This is the mail archive of the xsl-list@mulberrytech.com mailing list .
Index Nav:	[Date Index] [Subject Index] [Author Index] [Thread Index]
Message Nav:	[Date Prev] [Date Next]	[Thread Prev] [Thread Next]
Re: Future XSLT expansion. ( Re: Microsoft XSL and Conformance )

To: xsl-list at mulberrytech dot com
Subject: Re: Future XSLT expansion. ( Re: Microsoft XSL and Conformance )
From: Paul Tchistopolskii <paul at qub dot com>
Date: Fri, 17 Mar 2000 15:13:18 -0800
Organization: The Qub Group
References: <NBBBJPGDLPIHJGEHAKBAKEGGFBAA.martind@netfolder.com>
Reply-To: xsl-list at mulberrytech dot com

 Hi Didier,

> Paul said:
> The last by not the least.
> 
> The functionality you are asking for:
> 
> document('http://www.moreover.com/parameters-here')/url
> 
> Equals to:
> 
> $var = document('http://www.moreover.com/parameters-here');
> select $var/url
> 
> This could be already done with XSLT without polluting the semantics
> of document() function.
> 
> Didier replies:
> What? you tell me that using the document function is polluting the
> semantics of the document function??? 

Yes I think document() function in the form document()/something/here 
( and in the form document() function itself ) has polluting the 'core' sematics 
of  'right' document()  function and I will now explain it in very much detail 
below.
 
> come on Paul, take a walk, read again the specs or do something. 
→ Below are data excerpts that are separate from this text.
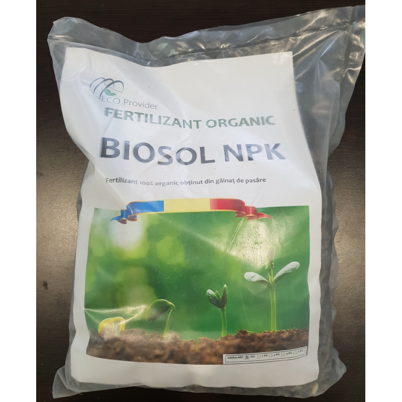 BIOSOL este sursa optima de substante nutritive si humus, fiind un ingrasamant organic sub forma de granule (4-5 mm), de calitate exceptionala la un pret accesibil. Provine 100% din substante organice de provenienta naturala (pasare), continand toate micro si macroelementele necesare plantelor. Ingrasamantul contine un mare procent de elemente organice care sunt esentiale pentru pastrarea fetilitatii solului.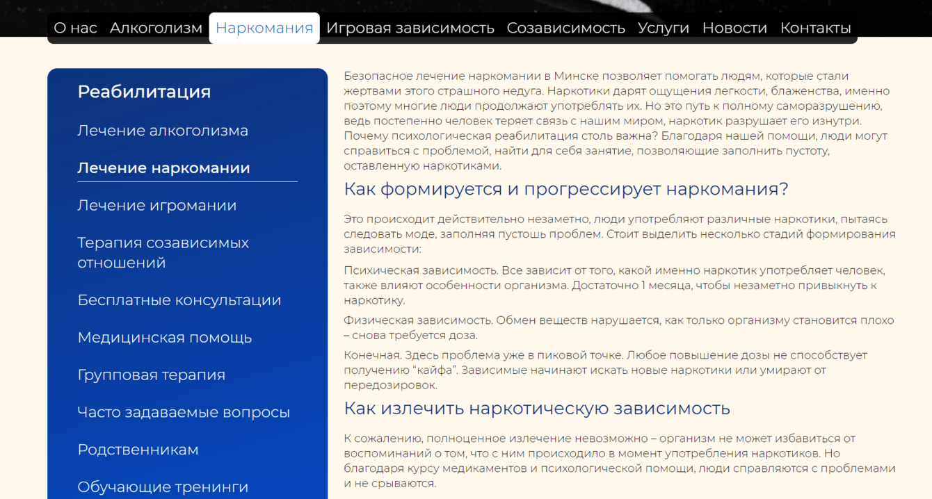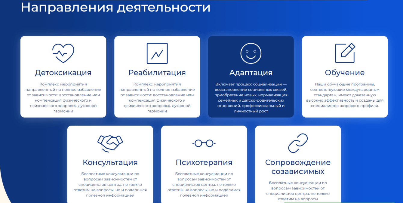 В результате успешно завершенного проекта сайт реабилитационного центра был создан с учетом всех требований и целей заказчика. Он предоставляет информацию о услугах центра и привлекает новых клиентов благодаря высокому уровню дизайна, функциональности и продвижению в поисковых системах. Множество запросов связанных с услугами центра теперь попали в топ выдачи, что способствует привлечению целевой аудитории и росту бизнеса.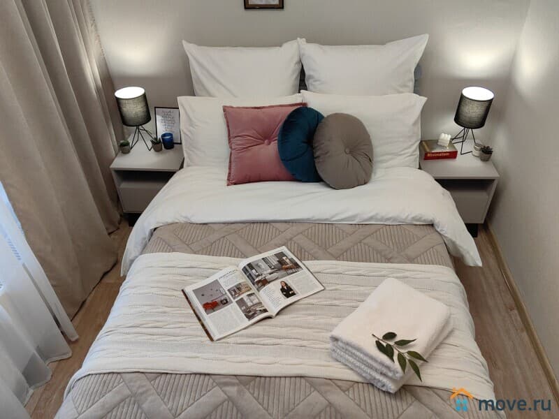 • Отдельная спальня с двуспальной кроватью, которая оснащена ортопедическим матрасом, заправлена чистым белым постельным бельем (2 спальных места).

Why should I ? I think I understand what I'm saying, I also understand 
what you are saying, and I understand what specs are saying.
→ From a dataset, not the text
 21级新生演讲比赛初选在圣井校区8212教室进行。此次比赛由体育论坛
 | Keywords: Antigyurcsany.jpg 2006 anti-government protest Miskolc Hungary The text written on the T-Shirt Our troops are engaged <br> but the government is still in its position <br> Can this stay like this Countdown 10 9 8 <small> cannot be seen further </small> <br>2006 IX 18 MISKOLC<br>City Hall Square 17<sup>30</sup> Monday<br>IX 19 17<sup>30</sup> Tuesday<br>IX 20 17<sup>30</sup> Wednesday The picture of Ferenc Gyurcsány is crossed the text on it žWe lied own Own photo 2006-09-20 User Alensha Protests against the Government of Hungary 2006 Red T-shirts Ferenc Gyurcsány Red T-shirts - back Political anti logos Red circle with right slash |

I tried to explain why hacks in the core are wrong and why  it is better 
to have reasonable core.  And below I will once again  explain why 
document()  has a 'polluted' 'perlish' semantics.

> I simply use the document function as it is
> stated in the specs. The document function takes as parameter a URL and
> returns a node list. bottom line. The specs does not restrict to usage of
> the document function to certain URLs. Moreover, the document function is a
> valid construct to be included in an XPath step because it is part of
> XPath!!! doesn't it? Please, take a look again at the XPath specs. An XPath
> expression such as document(..)/elementx/elementy is a valid XPath
> expression. doesn't it? 

Right, right. It is valid. It just works for documents and only documents + 
it is not scalable. See below.

> And saying that
> 
> $var = document('http://www.moreover.com/parameters-here');
> select $var/url
> 
> is better than
> document('http://www.moreover.com/parameters-here')/url
> 
> is a matter of personal taste and programming style. 

No it is not. The first construction is scalable, the second is not. 

> I wouldn't say that the
> former is better than the latter or vise versa. They are simply equivalent.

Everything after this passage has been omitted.